EXERCISE PROMPT:
Exactly as they appear below, repeat the lines from the one with "Die Acryldiamanten in" through the one with "Florever Mens Boutonniere". Drop every picture.

DATA FOR REVIEW:
--------------------

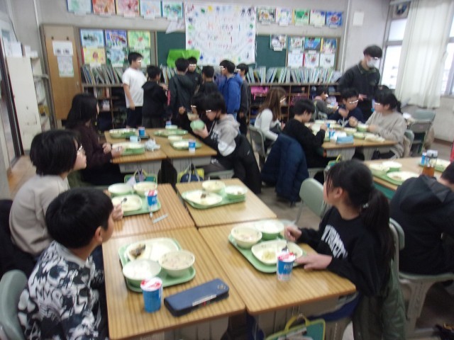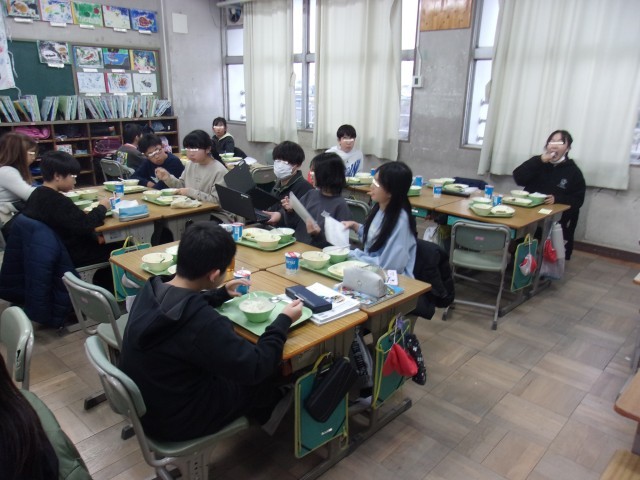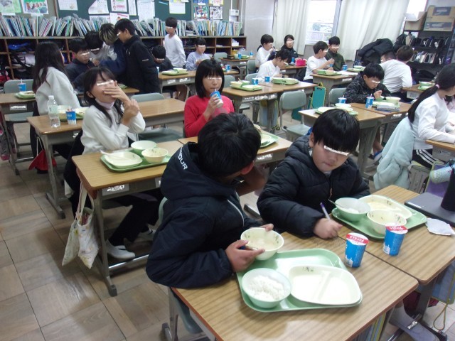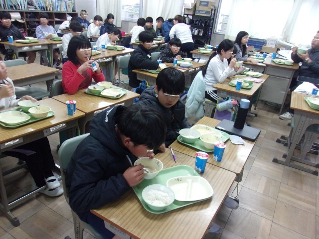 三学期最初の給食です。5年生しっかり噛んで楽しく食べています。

--------------------

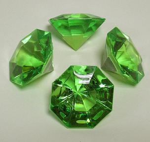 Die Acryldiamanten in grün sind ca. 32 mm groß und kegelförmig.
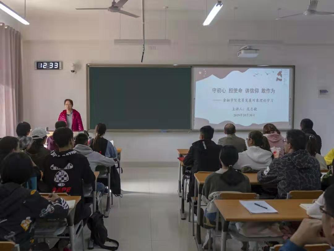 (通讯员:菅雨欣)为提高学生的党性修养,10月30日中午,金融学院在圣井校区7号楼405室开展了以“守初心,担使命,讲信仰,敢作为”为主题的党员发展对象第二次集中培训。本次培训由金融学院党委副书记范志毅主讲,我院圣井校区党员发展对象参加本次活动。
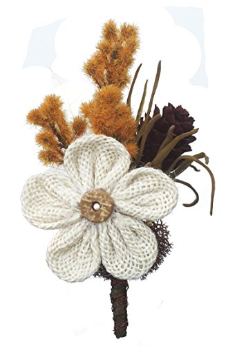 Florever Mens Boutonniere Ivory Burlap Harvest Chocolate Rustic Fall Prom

--------------------

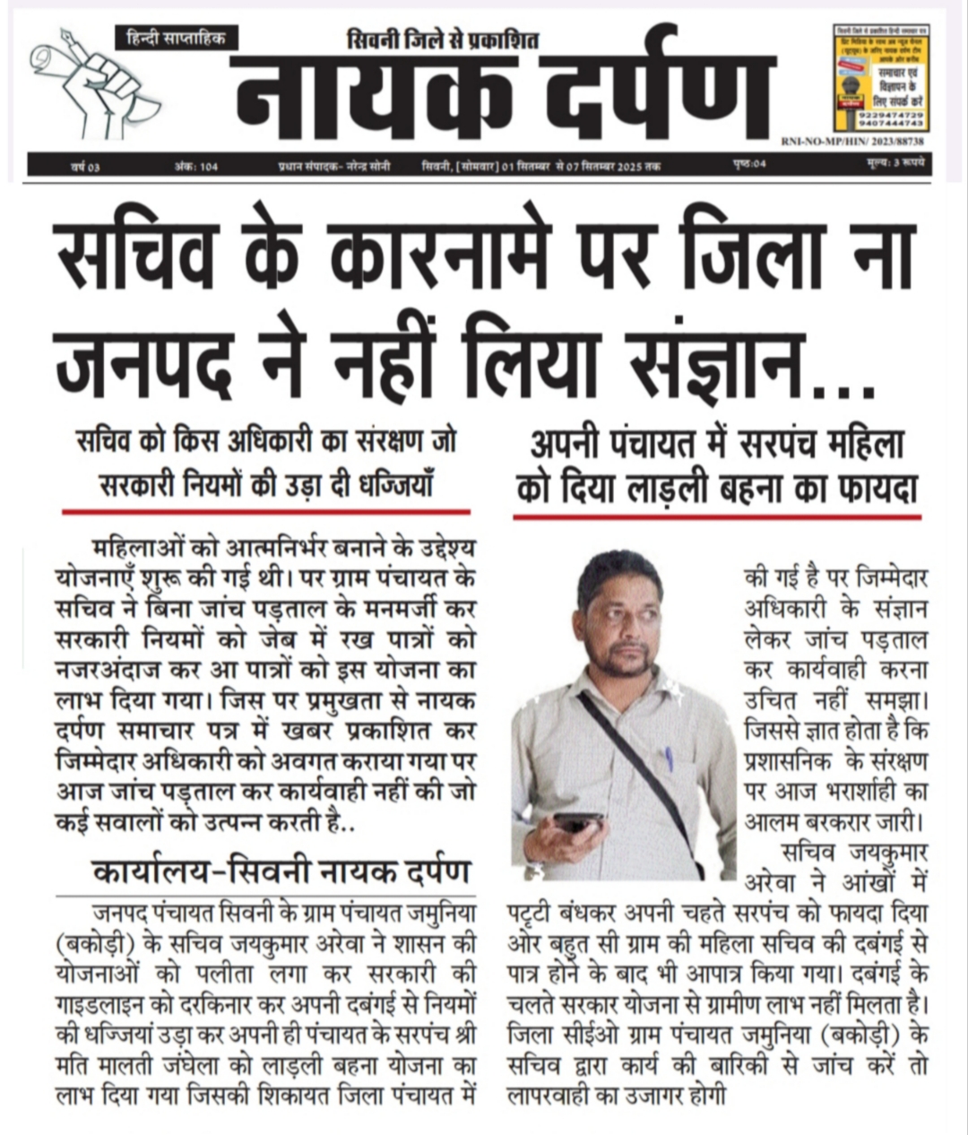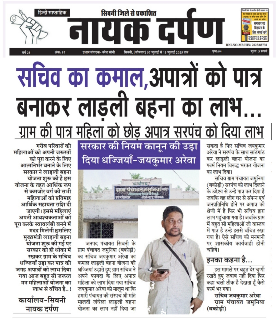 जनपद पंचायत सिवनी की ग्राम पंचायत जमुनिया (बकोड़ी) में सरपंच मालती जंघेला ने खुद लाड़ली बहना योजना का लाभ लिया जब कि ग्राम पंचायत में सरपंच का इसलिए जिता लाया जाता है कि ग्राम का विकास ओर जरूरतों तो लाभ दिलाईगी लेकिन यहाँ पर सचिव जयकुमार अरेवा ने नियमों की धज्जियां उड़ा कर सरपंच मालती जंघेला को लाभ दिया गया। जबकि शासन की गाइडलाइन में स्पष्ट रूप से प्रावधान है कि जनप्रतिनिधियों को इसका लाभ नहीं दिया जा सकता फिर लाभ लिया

--------------------

FINAL ANSWER:
 Die Acryldiamanten in grün sind ca. 32 mm groß und kegelförmig.
 (通讯员:菅雨欣)为提高学生的党性修养,10月30日中午,金融学院在圣井校区7号楼405室开展了以“守初心,担使命,讲信仰,敢作为”为主题的党员发展对象第二次集中培训。本次培训由金融学院党委副书记范志毅主讲,我院圣井校区党员发展对象参加本次活动。
 Florever Mens Boutonniere Ivory Burlap Harvest Chocolate Rustic Fall Prom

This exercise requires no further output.